### Your objective
In the entries below, find the line with "甘宁的自带战法是锦帆百翎,效" and the line with "Blikken opbergdoosjes voor"; copy them and every line between them exactly, but not the pictures.

(Records excerpted from a collection)
┄┄┄┄┄┄
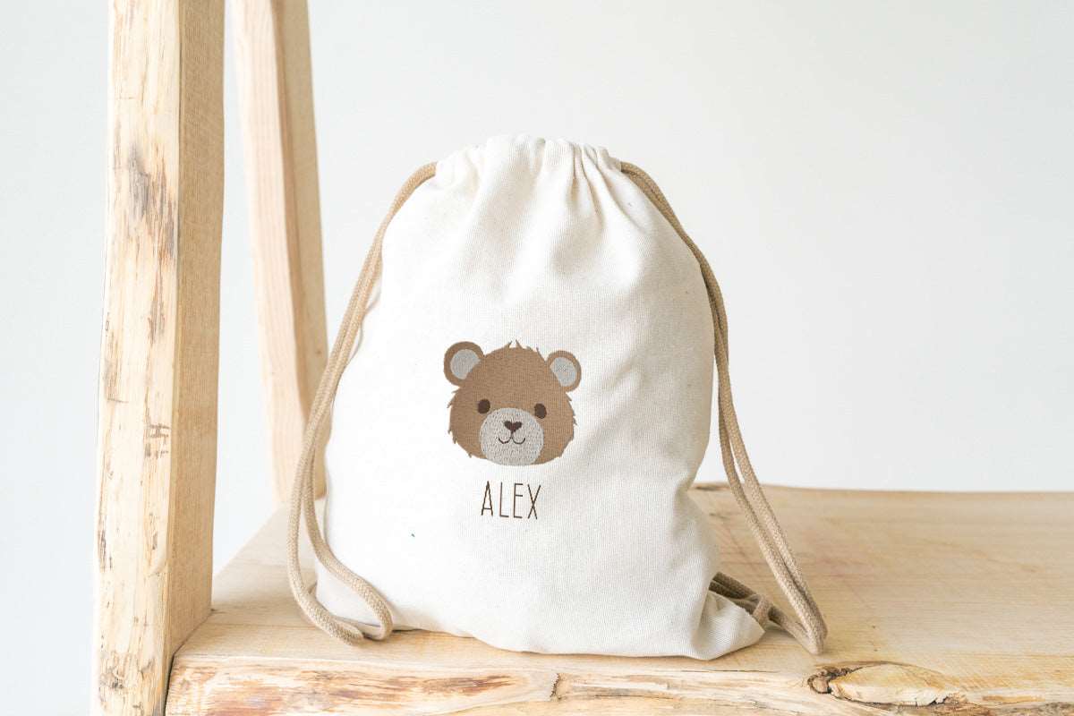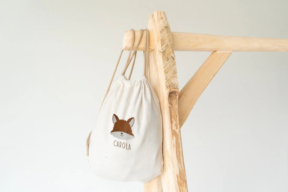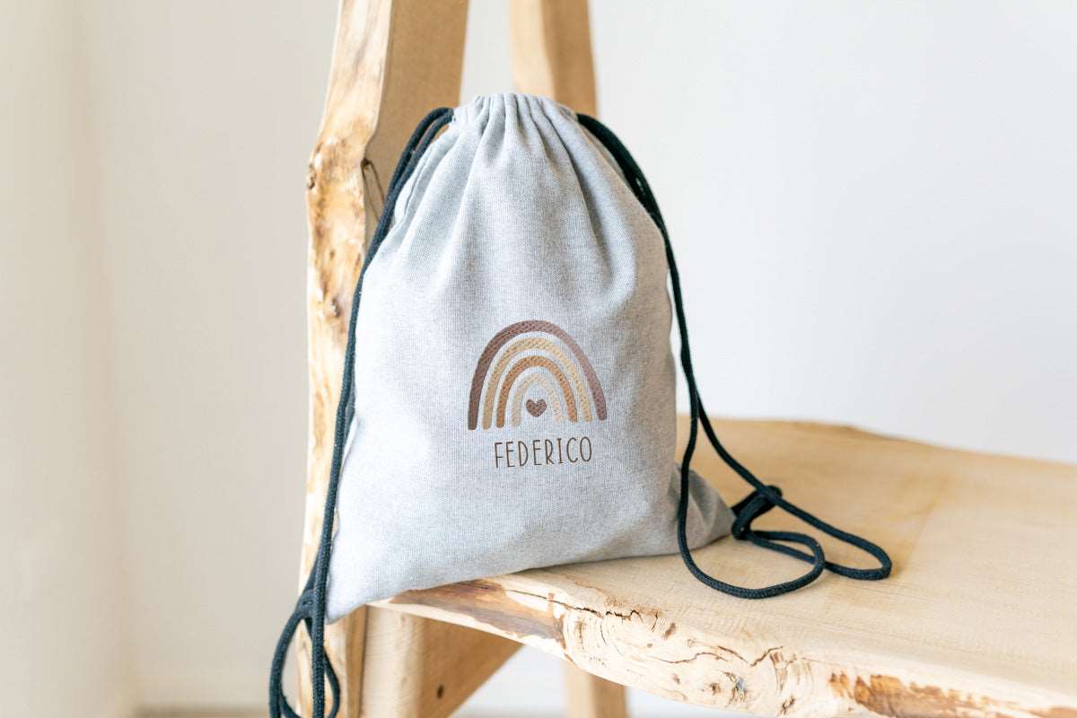 ARTICOLO RICAMATO Sacca in tessuto riciclato con coulisse. E’ personalizzabile con i nostri ricami e il nome del bambino. Questa pratica sacca รจ perfetta per i bambini per le sue dimensioni (30x36cm). Ideale per belle stagioni, per le vacanze, l’asilo o le gite in famiglie.
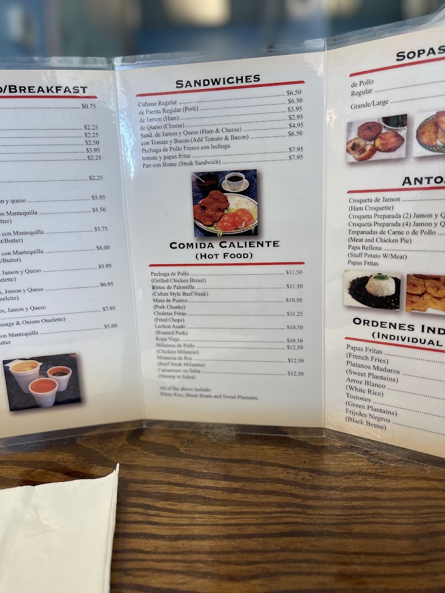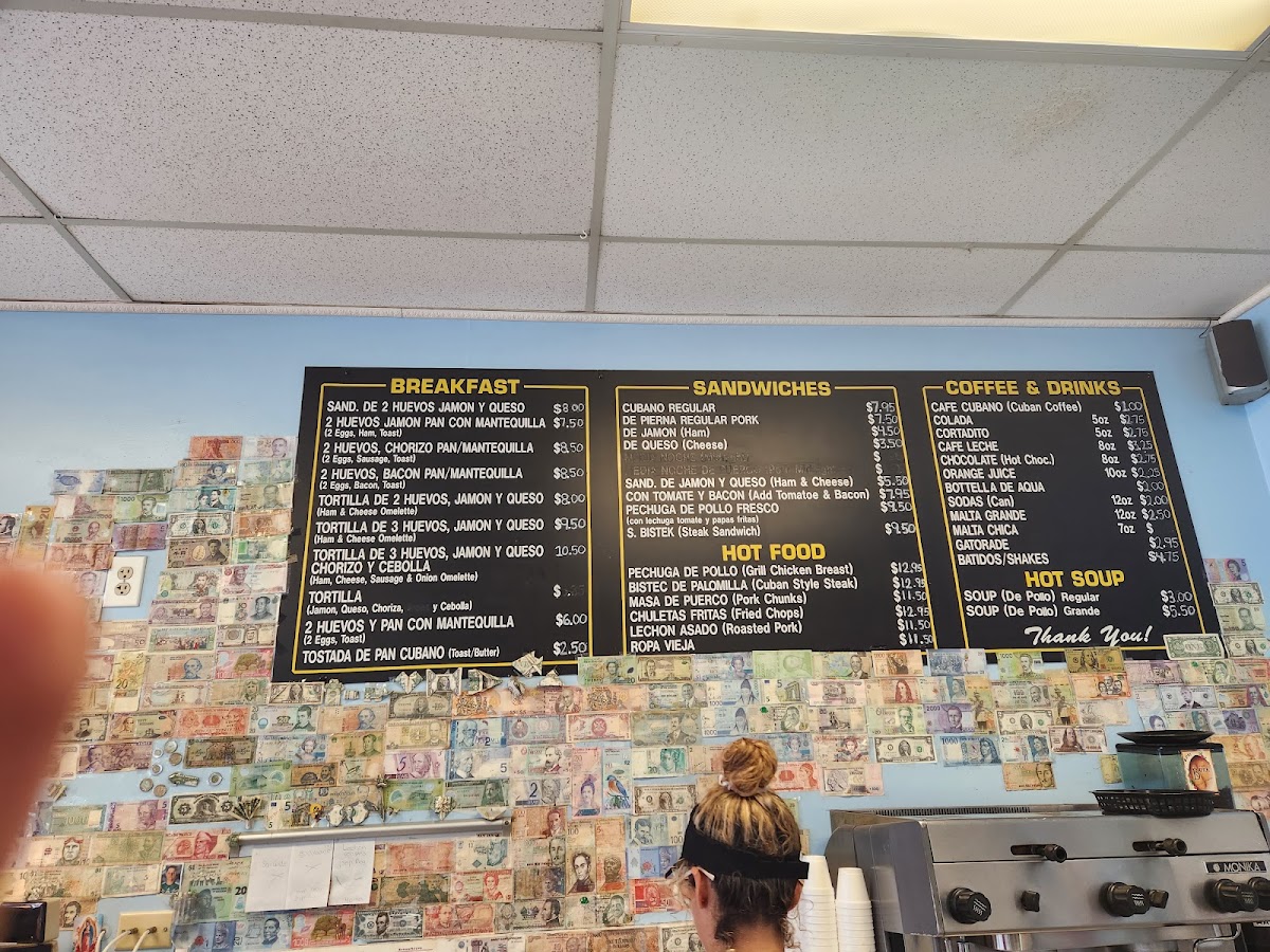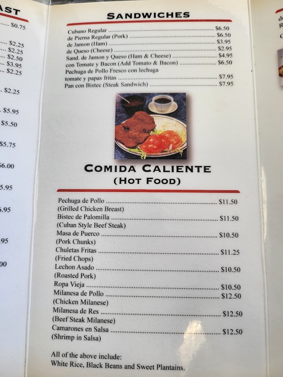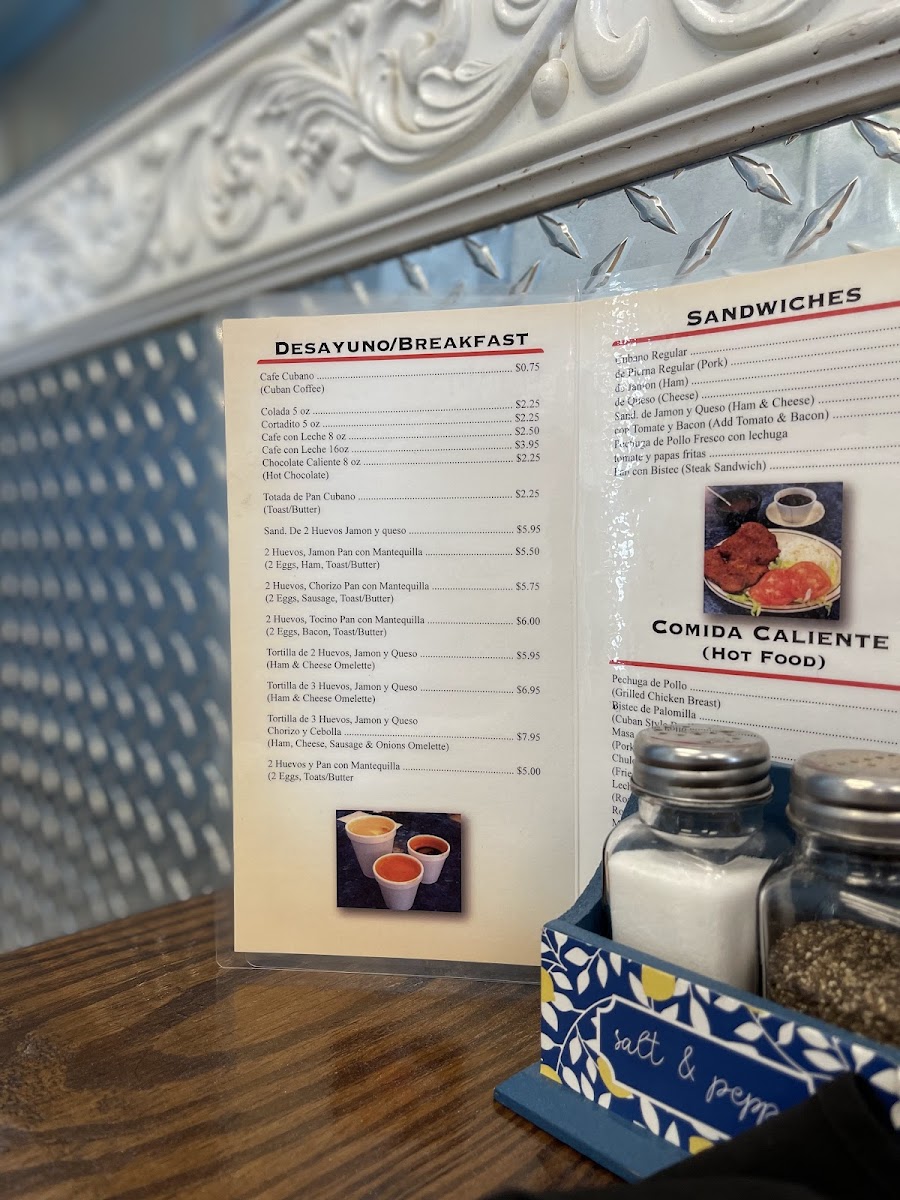 Starting with Desayuno (Breakfast), the cafe serves a classic Cafe Cubano-a rich and strong espresso that’s perfect for jump-starting your day. If you're craving something sweeter, the Colada 5 oz is a great choice, offering a bold, sweetened espresso experience. Both are essential picks for coffee lovers.
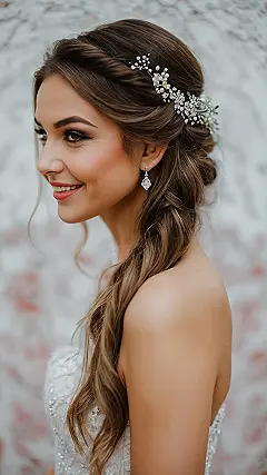 Take a peek at this hairstyle – it’s basically a masterclass in cute bridesmaid hair goals. It’s got that cool, relaxed vibe with the braid and soft waves, but then BAM, you add a little sparkle like that hairpiece, and suddenly you look effortlessly glamorous. It’s the perfect balance – not too fussy that it’ll fall apart after five minutes, but fancy enough that you’ll feel like a total star (after the bride, of course!). This kind of style makes sure your hair looks awesome whether you’re walking down the aisle or tearing up the dance floor.
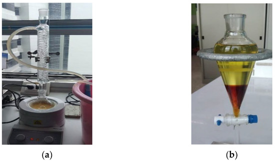 Photographic view of the (a) biodiesel setup and (b) purified biodiesel in the top layer.
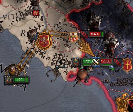 3月12日、ボヤーノから敗走する叛徒軍を追撃した帝国軍は、新たな敵軍の襲撃を受けた。 皇帝は海上の1万4千を急ぎ向かわしめ叛徒を撃滅せしめ、敵将ベッカ伯を捕えた。 016.jpg
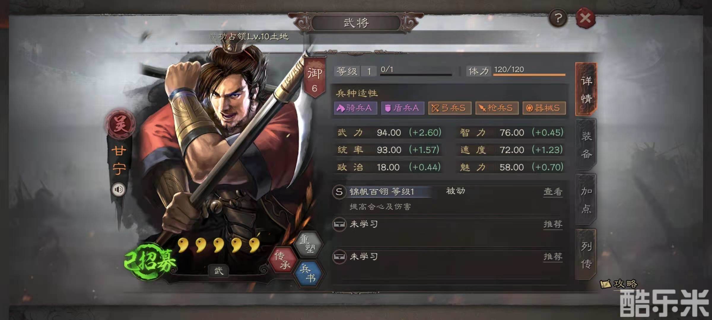 甘宁的自带战法是锦帆百翎,效果是提升甘宁的会心几率和会心伤害,所以甘宁普攻就能获得很高的爆发伤害。另外两个战法选择左右开弓和避实击虚,左右开弓继续提升会心属性,避实击虚可以直接攻击敌方兵力最少的目标。
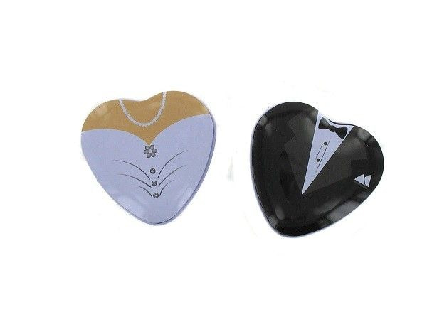 Blikken opbergdoosjes voor kleinigheidjes in de vorm van een hartje. De opdruk van de opbergdoosjes betreft een smoking en een trouwjurk.
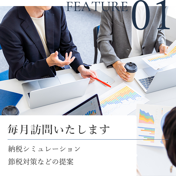 当事務所は、巡回監査を実施することにより、お客様と毎月面談し、会計帳簿の適時性と正確性を確認します。巡回監査後のデータを使用し、経営者の意思決定に役立つ資料を提供し経営面でのアドバイスを行います。
┄┄┄┄┄┄
### Solution for this exercise
 甘宁的自带战法是锦帆百翎,效果是提升甘宁的会心几率和会心伤害,所以甘宁普攻就能获得很高的爆发伤害。另外两个战法选择左右开弓和避实击虚,左右开弓继续提升会心属性,避实击虚可以直接攻击敌方兵力最少的目标。
 Blikken opbergdoosjes voor kleinigheidjes in de vorm van een hartje. De opdruk van de opbergdoosjes betreft een smoking en een trouwjurk.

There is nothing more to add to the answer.